■ Your assignment ■
A precise copy of the data is required, with every picture left out.

■ Records shown ■
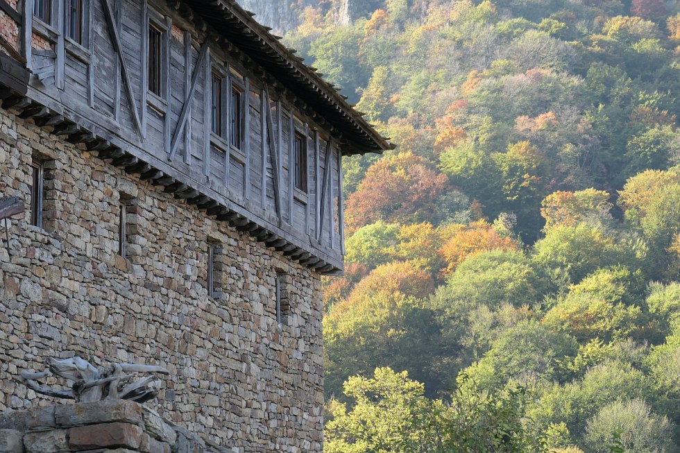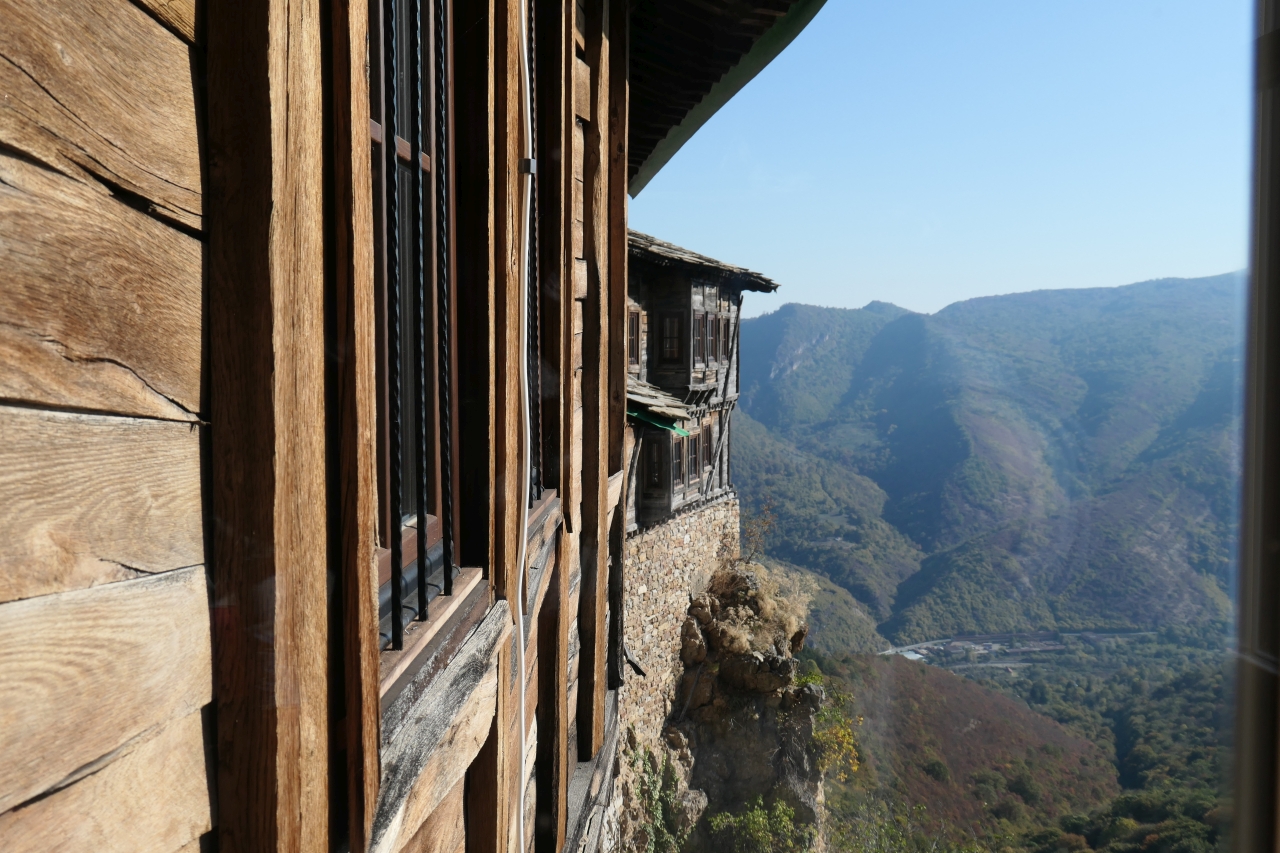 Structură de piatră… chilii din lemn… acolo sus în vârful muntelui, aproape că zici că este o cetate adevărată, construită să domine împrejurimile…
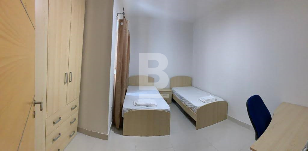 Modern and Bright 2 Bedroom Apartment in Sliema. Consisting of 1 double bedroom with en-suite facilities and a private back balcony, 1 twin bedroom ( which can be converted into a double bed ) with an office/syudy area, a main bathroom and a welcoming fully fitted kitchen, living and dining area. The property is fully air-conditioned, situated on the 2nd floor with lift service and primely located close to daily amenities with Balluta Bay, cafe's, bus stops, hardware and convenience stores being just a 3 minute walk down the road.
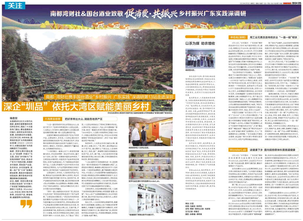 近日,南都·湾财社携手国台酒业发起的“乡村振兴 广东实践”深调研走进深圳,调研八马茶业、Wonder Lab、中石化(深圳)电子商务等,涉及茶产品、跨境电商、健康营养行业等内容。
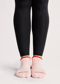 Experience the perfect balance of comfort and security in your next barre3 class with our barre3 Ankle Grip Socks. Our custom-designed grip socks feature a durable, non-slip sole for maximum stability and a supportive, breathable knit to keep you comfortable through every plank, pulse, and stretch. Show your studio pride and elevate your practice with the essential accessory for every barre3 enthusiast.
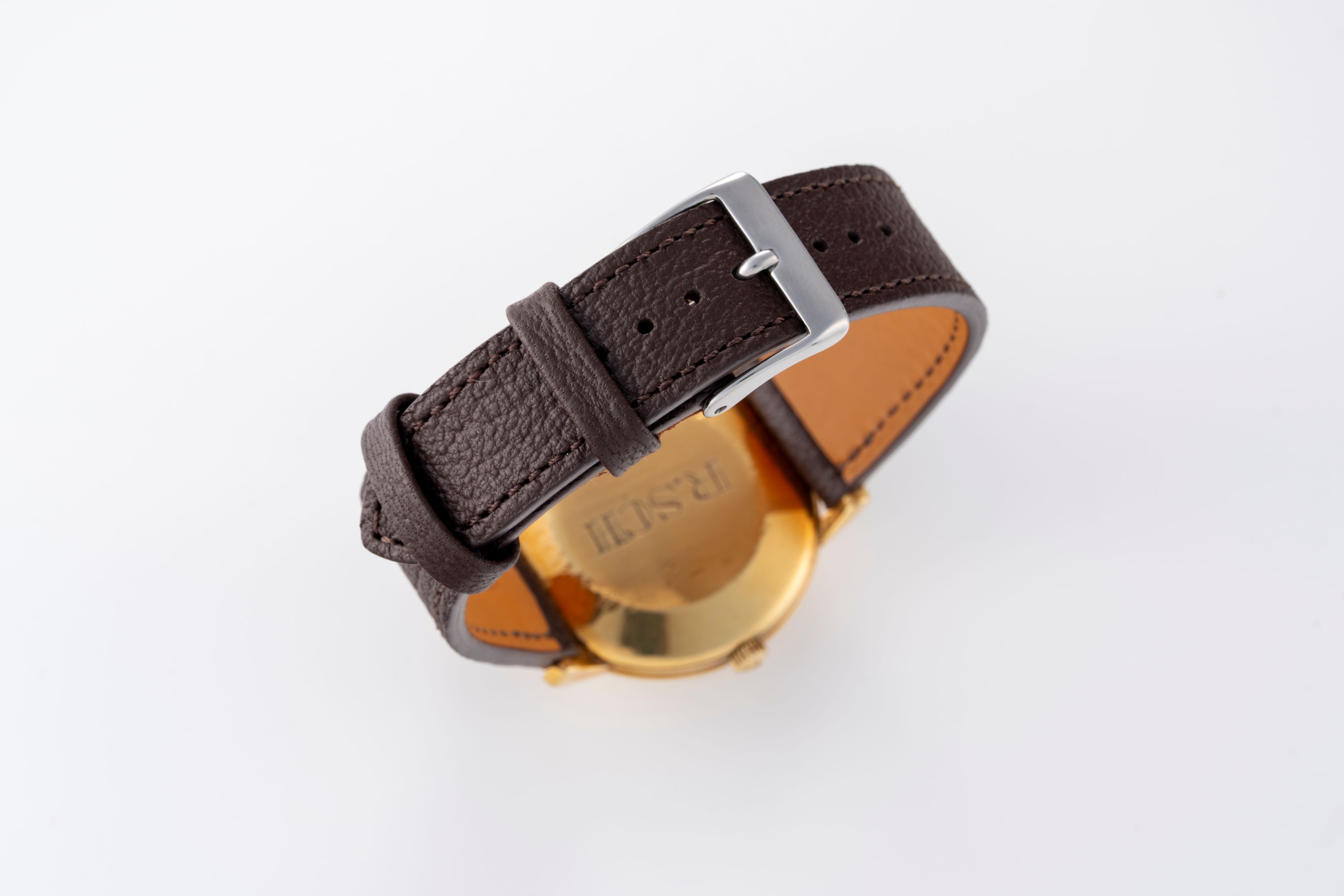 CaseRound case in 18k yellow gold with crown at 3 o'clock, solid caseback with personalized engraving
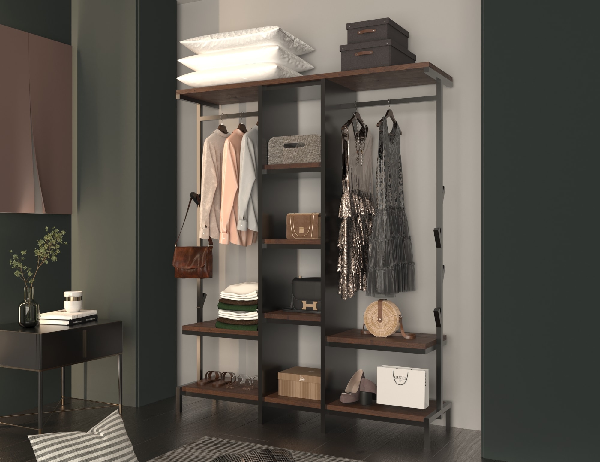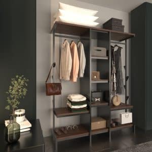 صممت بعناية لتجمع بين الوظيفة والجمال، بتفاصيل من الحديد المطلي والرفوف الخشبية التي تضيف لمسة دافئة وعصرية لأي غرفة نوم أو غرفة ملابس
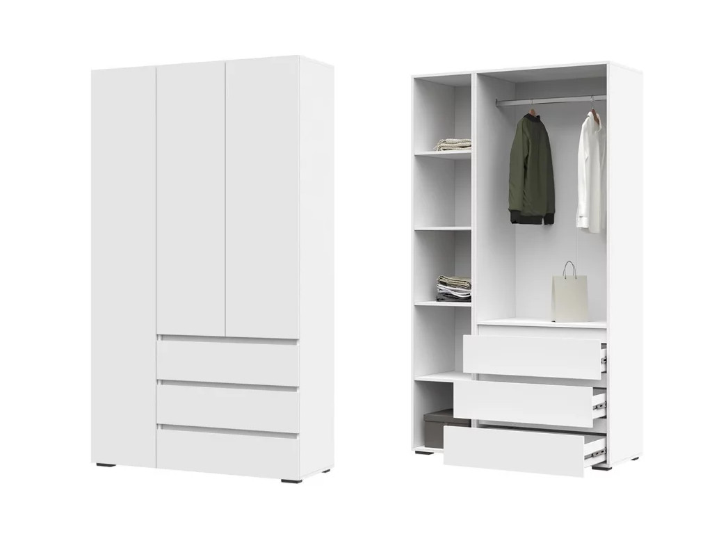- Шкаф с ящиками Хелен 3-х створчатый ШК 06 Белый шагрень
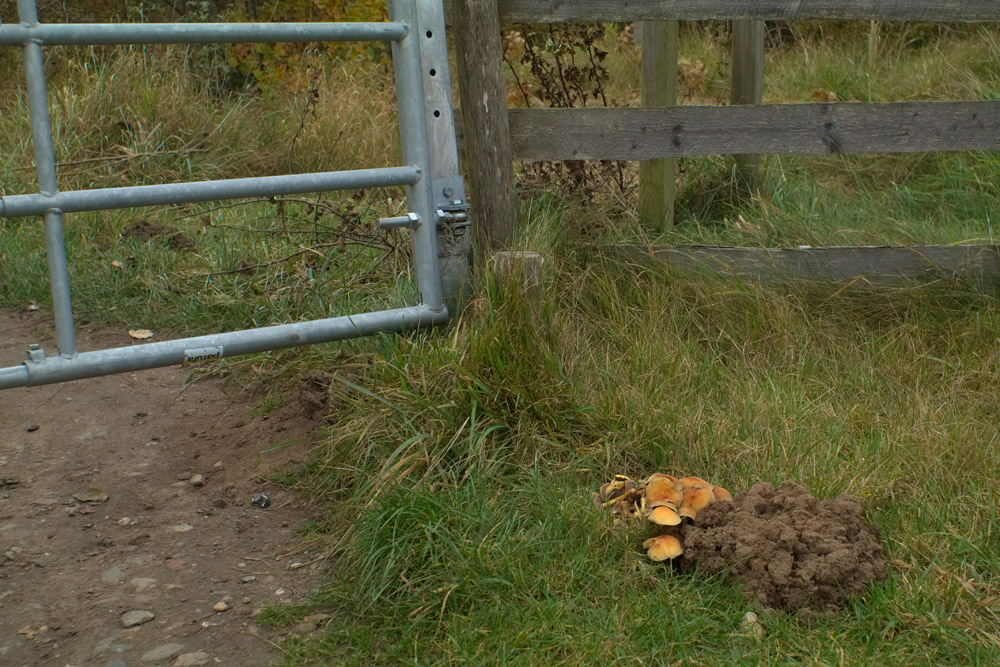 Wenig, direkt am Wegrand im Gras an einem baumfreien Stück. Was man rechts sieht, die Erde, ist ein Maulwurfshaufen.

■ Result of the exercise ■
 Structură de piatră… chilii din lemn… acolo sus în vârful muntelui, aproape că zici că este o cetate adevărată, construită să domine împrejurimile…
 Modern and Bright 2 Bedroom Apartment in Sliema. Consisting of 1 double bedroom with en-suite facilities and a private back balcony, 1 twin bedroom ( which can be converted into a double bed ) with an office/syudy area, a main bathroom and a welcoming fully fitted kitchen, living and dining area. The property is fully air-conditioned, situated on the 2nd floor with lift service and primely located close to daily amenities with Balluta Bay, cafe's, bus stops, hardware and convenience stores being just a 3 minute walk down the road.
 近日,南都·湾财社携手国台酒业发起的“乡村振兴 广东实践”深调研走进深圳,调研八马茶业、Wonder Lab、中石化(深圳)电子商务等,涉及茶产品、跨境电商、健康营养行业等内容。
 Experience the perfect balance of comfort and security in your next barre3 class with our barre3 Ankle Grip Socks. Our custom-designed grip socks feature a durable, non-slip sole for maximum stability and a supportive, breathable knit to keep you comfortable through every plank, pulse, and stretch. Show your studio pride and elevate your practice with the essential accessory for every barre3 enthusiast.
 CaseRound case in 18k yellow gold with crown at 3 o'clock, solid caseback with personalized engraving
 صممت بعناية لتجمع بين الوظيفة والجمال، بتفاصيل من الحديد المطلي والرفوف الخشبية التي تضيف لمسة دافئة وعصرية لأي غرفة نوم أو غرفة ملابس
- Шкаф с ящиками Хелен 3-х створчатый ШК 06 Белый шагрень
 Wenig, direkt am Wegrand im Gras an einem baumfreien Stück. Was man rechts sieht, die Erde, ist ein Maulwurfshaufen.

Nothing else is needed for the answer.